2. This appeal concerns land known as Bedmond Lane Field, St Albans. The appellant, Banner Homes Limited (“Banner Homes”) is the owner of the Field. The listing authority is St Albans City and District Council (“the council”). Banner Homes is part of the Banner Homes Group, owned since April 2014 by Cala Group Limited. Banner Homes would like to build on the Field but, since it falls within the metropolitan green belt, it is apparent that (absent a change in planning policy concerning the green belt) such development is unlikely within the near future. Two public footpaths (nos 32 and 95 on the council’s definitive map) run across the Field. Footpath 32 runs essentially along its eastern edge, whilst footpath 95 joins it at right angles, roughly at the Field’s halfway point. The Field comprises 4.83 hectares.
3. Until 2014, the Field had for some 40 years been used by local residents for recreational use, such as walking, exercising dogs, informal play (by local children) and photography of local flora and fauna. Ms Debbi White, Property and Asset Manager of the council, in 2014 observed evidence of such uses in the form of “desire lines” across the Field, away from the public footpaths.
4. On 10 March 2014, the Field was listed by the council as an asset of community value under the Localism Act 2011. On 30 April 2014, Banner Homes’ solicitors requested a review of the decision. That review took place on 26 September 2014. The council’s decision was to maintain the listing. Banner Homes appealed that decision to the First-tier Tribunal.
5. A hearing of the appeal took place at Field House on 4 March 2015, when Banner Homes were represented by Mr Douglas Edwards QC and the council was represented by Mr Robin Hopkins. I am very grateful to them for their submissions. The council’s stance was supported at the hearing by Mr Timothy Beecroft of the Residents’ Association.

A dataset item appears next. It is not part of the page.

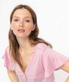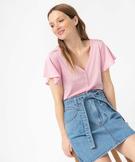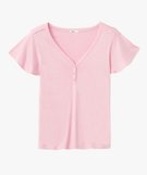 Un tee-shirt à manches courtes particulièrement élégant avec son col V prolongé par trois petits boutons fantaisie. Ce tee-shirt femme possède des manches flottantes et est agrémenté de petits liserés pailletés sur l’avant des épaules. Un top élégant confectionné dans une matière fluide ultra confortable en saison estivale. Il se porte avec tous les bas du vestiaire.

6. I received written evidence from Mr Paul McCann, on behalf of Banner Homes, Mr Mike Lovelady and Ms Debbi White of the council and Dr Robert Wareing of the Residents’ Association.

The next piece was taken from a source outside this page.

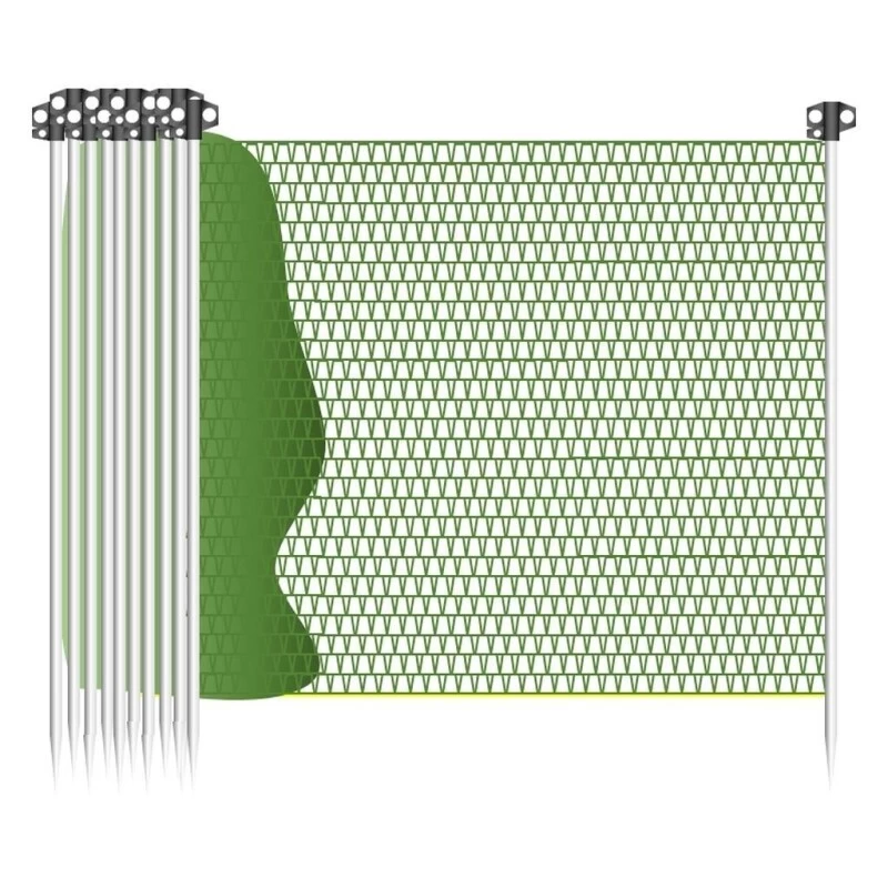 - 20m lang und mit 12 in das Gewirke eingewebten Fiberglaspfählen alle 180cm

7. Section 88(1) and (2) of the 2011 Act provides as follows:-
“88 Land of community value
(1) For the purposes of this Chapter but subject to regulations under subsection (3), a building or other land in a local authority’s area is land of community value if in the opinion of the authority –
(a) an actual current use of the building or other land that is not an ancillary use furthers the social wellbeing or social interests of the local community, and
(b) it is realistic to think that there can continue to be non-ancillary use of the building or other land which will further (whether or not in the same way) the social wellbeing or social interests of the local community.

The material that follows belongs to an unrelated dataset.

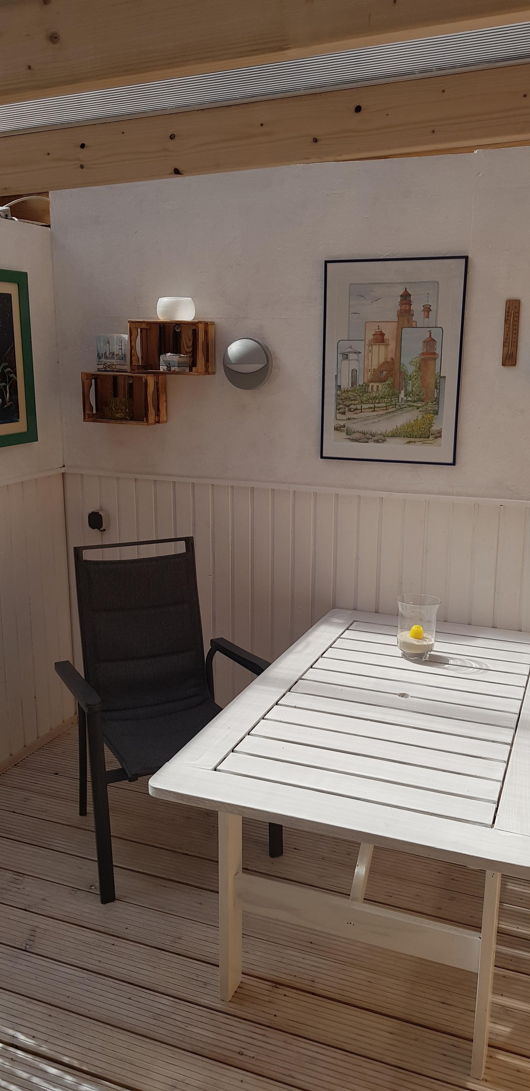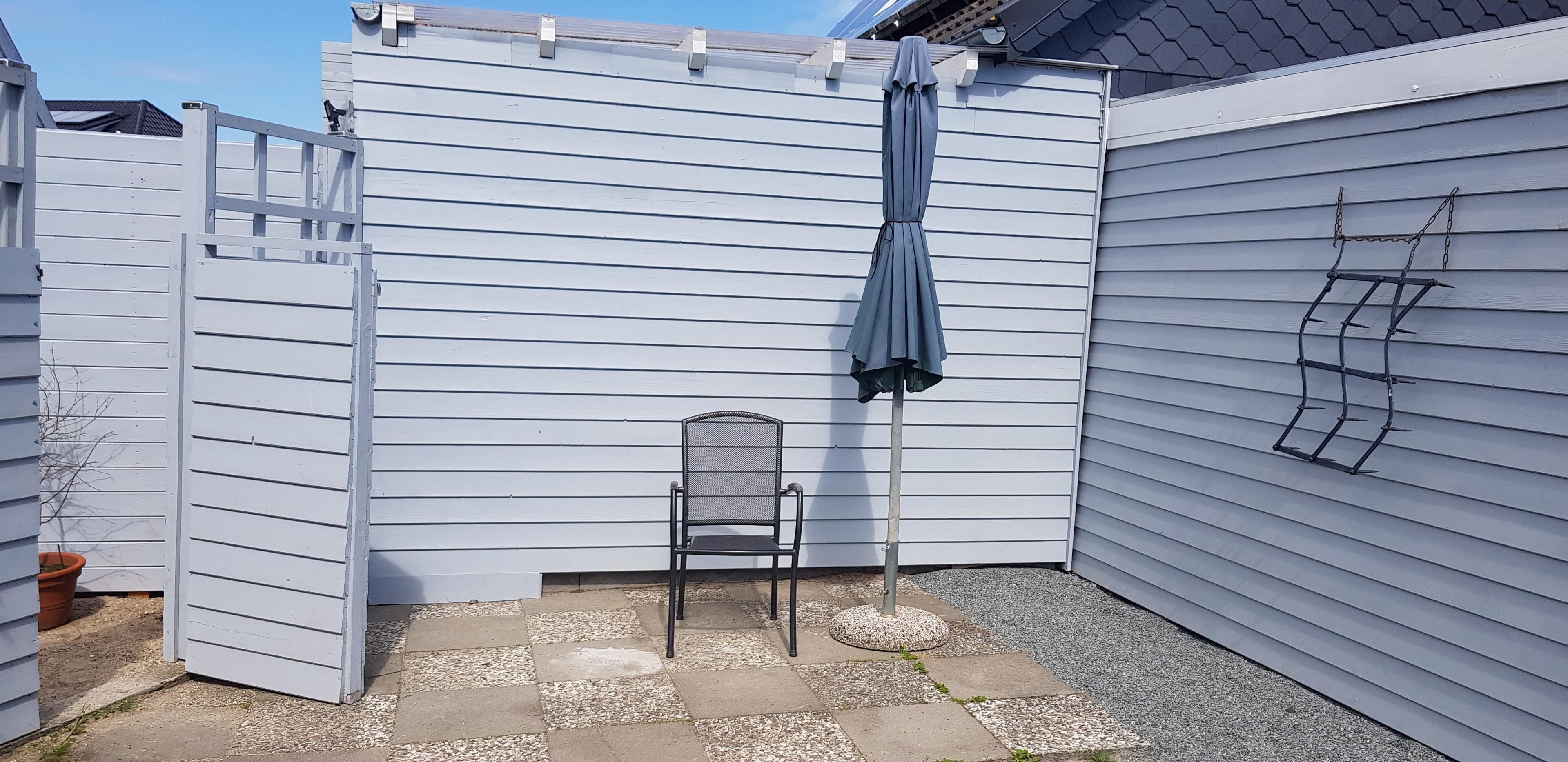Kleine, aber feine Ferienwohnung mit eigenem Eingang, eingezäuntem Grundstück, überdachter Terrasse, Gartenlaube und Blick auf die Fehmarnsundbrücke.

(2) For the purposes of this Chapter but subject to regulations under subsection (3), a building or other land in a local authority’s area that is not land of community value as a result of subsection (1) is land of community value if in the opinion of the local authority –
(a) there is a time in the recent past when an actual use of the building or other land that was not an ancillary use furthered the social wellbeing or interests of the local community, and
(b) it is realistic to think that there is a time in the next five years when there could be non-ancillary use of the building or other land that would further (whether or not in the same way as before) the social wellbeing or social interests of the local community”.
8. Dr Wareing has lived in the vicinity of the Field (or Meadow, as he calls it) for over 40 years:-
“It has been an inspiration and a joy for us. We have spent at least an hour each day almost every day – in total amounting to more than 10,000 hours – enjoying the enchanting environment and diverse and rich flora and fauna. We use it for walking our dog, for playing with our grandchildren and our children before that. More recently, for the perfect tranquillity it affords, whilst I have been convalescing after a life-threatening illness”.
9. Dr Wareing has produced a book of photographs depicting the Field, particularly in spring, when wildflowers and grasses are much in evidence, as well as in summer, when “floral blooms [are] typified by the rosebay willowherb, ox eye daisies, poppies and bee orchids”. According to Dr Wareing, “where informal footpaths pass through areas with high density shrubs and bushes, the vegetation is carefully trimmed by residents to keep the footpaths open”.
10. There is also evidence that, in the late 1990s, the owners of the Field, concerned about the activities on the land of travellers, unsuccessfully tried to interest local residents in taking a licence of the Field. Local residents apparently sought permission of the owners to go on to the Field for the purposes of hedge-planting.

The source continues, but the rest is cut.